In cocaine infarction, the time of onset of symptoms from the last intake of the substance varies from 30 minutes to several hours (sometimes more than 15 hours after intake) with a peak incidence approximately one hour after use; the onset of symptoms is not always related to the dose taken or the type of administration. (3)
Case reports on cocaine-addicted patients who have developed an acute heart attack show that on angiographic study both normal coronary arteries and stenosing lesions can be seen.
It must be emphasised, however, that in cocaine-abusing patients a picture of marked and widespread atherosclerosis is predominantly observed despite a young age and even in the absence of additional cardiovascular risk factors.
In the long term, a progressive deterioration of cardiac function may be observed, even in the absence of previous symptomatic ischaemic events, with a significant reduction in ‘pump function’ and the development of chronic heart failure.
This cardiac dysfunction appears to be the result of several factors such as:
- asymptomatic subendocardial ischaemia;
- recurrent exposure to excess catecholamines;
- increased apoptosis (death) of myocytes;
- induction of changes in the structure of cardiac cells themselves.

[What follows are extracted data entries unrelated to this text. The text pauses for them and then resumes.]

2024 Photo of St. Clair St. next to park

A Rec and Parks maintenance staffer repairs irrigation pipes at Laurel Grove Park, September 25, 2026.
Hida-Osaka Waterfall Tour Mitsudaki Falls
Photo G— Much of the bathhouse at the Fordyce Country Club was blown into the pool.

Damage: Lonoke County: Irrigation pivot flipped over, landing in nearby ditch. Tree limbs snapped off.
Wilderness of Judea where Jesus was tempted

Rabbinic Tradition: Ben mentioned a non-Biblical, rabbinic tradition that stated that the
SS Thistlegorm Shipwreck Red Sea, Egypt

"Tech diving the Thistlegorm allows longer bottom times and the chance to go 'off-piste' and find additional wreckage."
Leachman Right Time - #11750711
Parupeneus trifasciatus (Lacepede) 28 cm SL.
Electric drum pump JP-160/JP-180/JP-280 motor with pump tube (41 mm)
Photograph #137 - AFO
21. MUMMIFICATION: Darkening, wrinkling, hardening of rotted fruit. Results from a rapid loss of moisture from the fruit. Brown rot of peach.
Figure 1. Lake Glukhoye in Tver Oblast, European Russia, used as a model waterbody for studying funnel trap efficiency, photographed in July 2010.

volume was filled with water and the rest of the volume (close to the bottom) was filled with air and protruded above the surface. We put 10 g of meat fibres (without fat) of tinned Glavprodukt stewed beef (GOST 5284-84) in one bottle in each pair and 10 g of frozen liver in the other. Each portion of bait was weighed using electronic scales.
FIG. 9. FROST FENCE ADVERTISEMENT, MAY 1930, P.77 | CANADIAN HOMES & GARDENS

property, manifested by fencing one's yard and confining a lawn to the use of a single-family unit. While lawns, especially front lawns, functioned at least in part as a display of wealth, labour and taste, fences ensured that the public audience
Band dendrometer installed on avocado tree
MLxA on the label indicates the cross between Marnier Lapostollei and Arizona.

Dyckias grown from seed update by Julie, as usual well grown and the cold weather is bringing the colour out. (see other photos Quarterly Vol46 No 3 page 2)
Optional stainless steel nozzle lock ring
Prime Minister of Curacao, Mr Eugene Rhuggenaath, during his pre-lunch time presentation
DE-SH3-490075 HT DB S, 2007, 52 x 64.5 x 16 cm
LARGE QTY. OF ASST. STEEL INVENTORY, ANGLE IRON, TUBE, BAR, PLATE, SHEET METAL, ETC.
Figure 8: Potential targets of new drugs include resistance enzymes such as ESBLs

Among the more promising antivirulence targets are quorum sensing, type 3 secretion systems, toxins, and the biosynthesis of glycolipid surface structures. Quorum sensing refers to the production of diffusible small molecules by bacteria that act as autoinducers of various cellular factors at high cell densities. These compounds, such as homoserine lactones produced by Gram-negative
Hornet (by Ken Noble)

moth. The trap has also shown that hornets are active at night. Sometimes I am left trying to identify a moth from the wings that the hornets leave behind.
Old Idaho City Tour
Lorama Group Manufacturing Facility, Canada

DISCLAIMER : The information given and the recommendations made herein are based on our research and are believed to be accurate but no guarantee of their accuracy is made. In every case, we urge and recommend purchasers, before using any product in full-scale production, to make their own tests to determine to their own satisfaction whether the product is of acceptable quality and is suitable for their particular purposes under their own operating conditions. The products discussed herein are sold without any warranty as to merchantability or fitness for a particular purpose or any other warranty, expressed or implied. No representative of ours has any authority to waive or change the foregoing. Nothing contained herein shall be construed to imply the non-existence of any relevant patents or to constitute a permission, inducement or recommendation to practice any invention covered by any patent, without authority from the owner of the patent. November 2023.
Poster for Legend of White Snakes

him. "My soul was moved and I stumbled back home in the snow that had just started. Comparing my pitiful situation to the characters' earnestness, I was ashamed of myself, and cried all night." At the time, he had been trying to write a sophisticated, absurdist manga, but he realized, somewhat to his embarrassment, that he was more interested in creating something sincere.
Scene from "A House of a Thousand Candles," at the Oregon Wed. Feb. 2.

In addition to ischaemic damage mediated by catecholamines or thrombosis phenomena, cocaine can cause direct damage to myocardial cells by increasing the production of reactive oxygen species involved in oxidative stress processes. (5)
Cocaine and arrhythmias
Cocaine abuse is also related to arrhythmic phenomena of varying degrees:
- tachycardia and/or bradycardia;
- onset of conduction disturbances;
- supraventricular tachycardias;
- ventricular tachycardia and fibrillation;
- peak torsion;
- appearance of electrocardiographic patterns mimicking Brugada syndrome (sudden death related syndrome).
The mechanisms by which cocaine exerts its pro-arrhythmogenic effects are also multiple.
By acting at the level of ion channels (sodium, potassium, calcium), it can alter the normal formation and conduction of the electrical impulse, and the increased ‘instability’ of cardiac cells, induced by the ischaemic state, determines a favourable substrate for the onset of both atrial and ventricular arrhythmias.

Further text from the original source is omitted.